[BRIEF] What you should give back is a precise copy of the lines below from the one containing "这里的梅花高低错落,肆意地展" through the one containing "What makes this", with no pictures.

------ DATA SHOWN

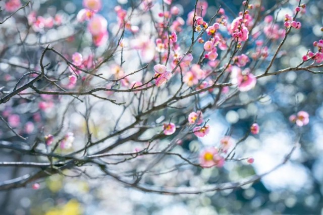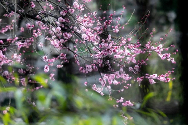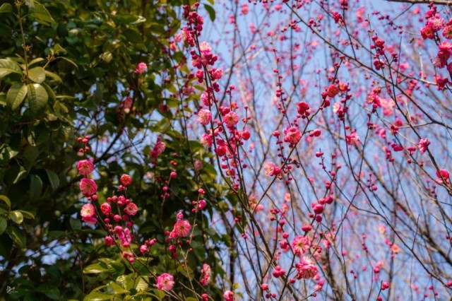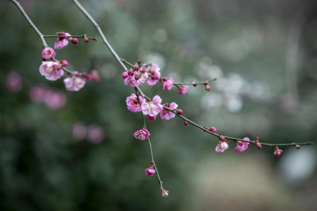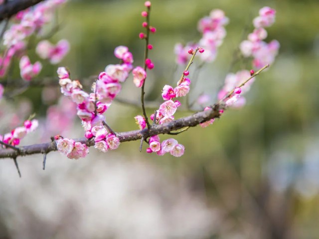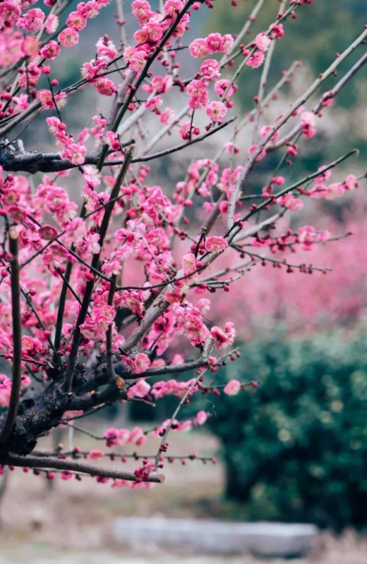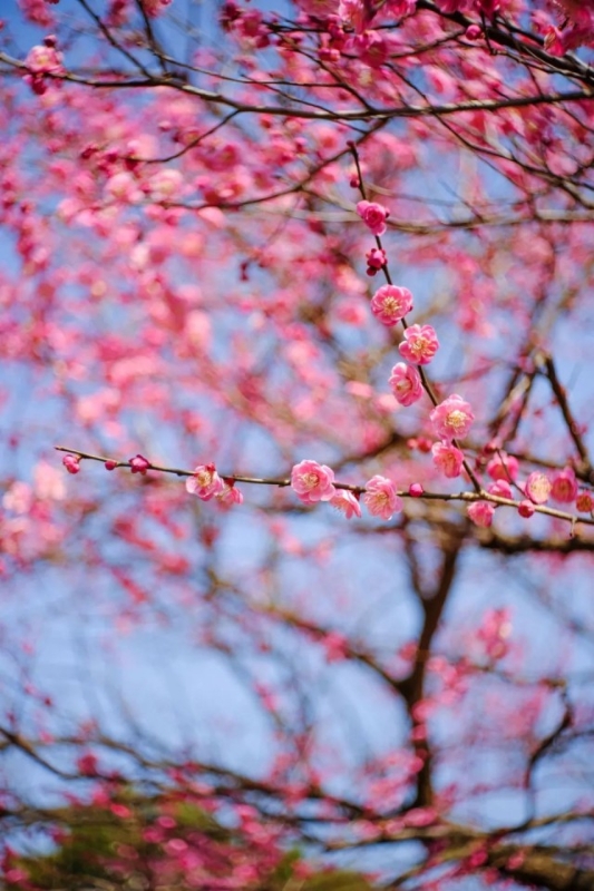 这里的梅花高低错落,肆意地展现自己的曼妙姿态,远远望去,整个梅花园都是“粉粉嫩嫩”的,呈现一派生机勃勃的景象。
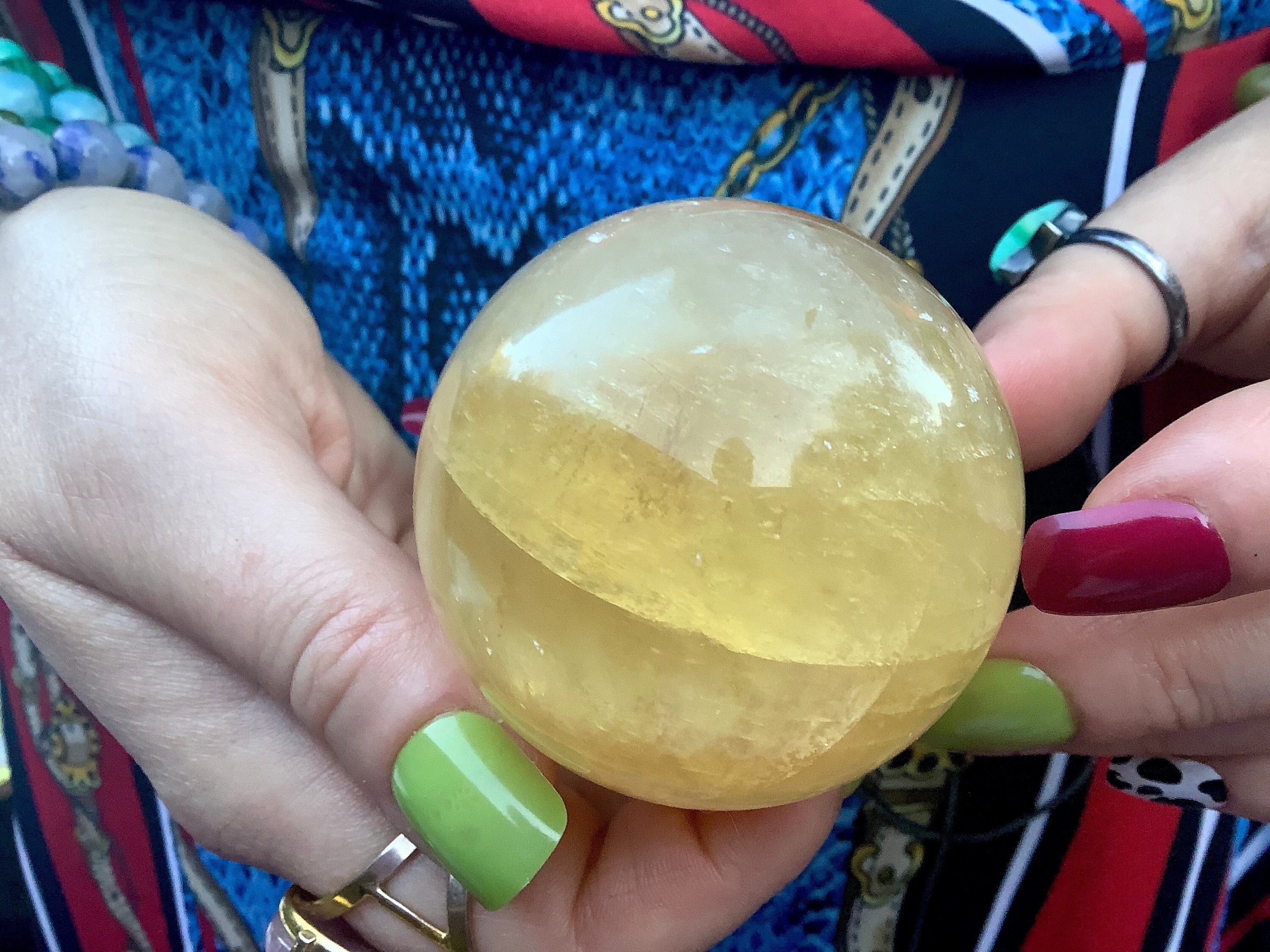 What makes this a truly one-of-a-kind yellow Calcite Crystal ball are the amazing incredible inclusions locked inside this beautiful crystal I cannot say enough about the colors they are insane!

------------
------ DATA SHOWN

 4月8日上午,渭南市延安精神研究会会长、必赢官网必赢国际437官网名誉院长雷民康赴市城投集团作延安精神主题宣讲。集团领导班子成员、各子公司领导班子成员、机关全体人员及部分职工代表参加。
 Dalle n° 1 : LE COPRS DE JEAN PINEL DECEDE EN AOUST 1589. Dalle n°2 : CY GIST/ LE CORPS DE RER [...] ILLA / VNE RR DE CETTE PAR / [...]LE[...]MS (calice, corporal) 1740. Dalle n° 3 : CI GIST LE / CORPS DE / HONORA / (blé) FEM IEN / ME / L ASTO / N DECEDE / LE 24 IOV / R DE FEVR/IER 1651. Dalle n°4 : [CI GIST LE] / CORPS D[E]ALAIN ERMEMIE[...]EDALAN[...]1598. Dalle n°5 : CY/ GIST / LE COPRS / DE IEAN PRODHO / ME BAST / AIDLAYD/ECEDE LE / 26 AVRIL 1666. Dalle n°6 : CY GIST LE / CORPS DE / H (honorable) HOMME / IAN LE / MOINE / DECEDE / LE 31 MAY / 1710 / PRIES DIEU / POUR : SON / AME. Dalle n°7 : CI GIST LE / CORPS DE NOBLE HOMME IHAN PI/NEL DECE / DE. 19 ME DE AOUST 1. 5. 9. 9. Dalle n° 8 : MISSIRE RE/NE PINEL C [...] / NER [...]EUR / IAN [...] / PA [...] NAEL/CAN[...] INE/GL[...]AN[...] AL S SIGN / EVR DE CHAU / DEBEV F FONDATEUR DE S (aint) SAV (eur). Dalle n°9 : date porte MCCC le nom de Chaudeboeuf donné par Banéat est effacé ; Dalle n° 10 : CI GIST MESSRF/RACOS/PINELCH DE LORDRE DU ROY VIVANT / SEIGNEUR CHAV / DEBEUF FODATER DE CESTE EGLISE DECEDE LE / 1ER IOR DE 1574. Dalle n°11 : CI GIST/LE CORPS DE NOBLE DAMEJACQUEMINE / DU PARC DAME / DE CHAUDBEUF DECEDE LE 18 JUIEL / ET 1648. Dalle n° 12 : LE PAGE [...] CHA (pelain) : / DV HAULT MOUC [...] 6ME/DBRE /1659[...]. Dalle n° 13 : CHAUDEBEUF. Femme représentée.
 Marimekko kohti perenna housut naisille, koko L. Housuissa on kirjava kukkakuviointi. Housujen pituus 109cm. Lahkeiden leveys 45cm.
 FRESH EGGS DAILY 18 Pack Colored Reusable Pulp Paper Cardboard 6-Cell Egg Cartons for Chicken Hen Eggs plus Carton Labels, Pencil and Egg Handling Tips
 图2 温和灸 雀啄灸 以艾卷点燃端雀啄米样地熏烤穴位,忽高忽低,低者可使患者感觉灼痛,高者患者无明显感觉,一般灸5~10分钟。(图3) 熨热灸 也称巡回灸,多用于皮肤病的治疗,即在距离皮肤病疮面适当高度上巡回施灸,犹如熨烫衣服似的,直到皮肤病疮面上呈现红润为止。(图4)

------------

[COMPLETED TASK]
 这里的梅花高低错落,肆意地展现自己的曼妙姿态,远远望去,整个梅花园都是“粉粉嫩嫩”的,呈现一派生机勃勃的景象。
 What makes this a truly one-of-a-kind yellow Calcite Crystal ball are the amazing incredible inclusions locked inside this beautiful crystal I cannot say enough about the colors they are insane!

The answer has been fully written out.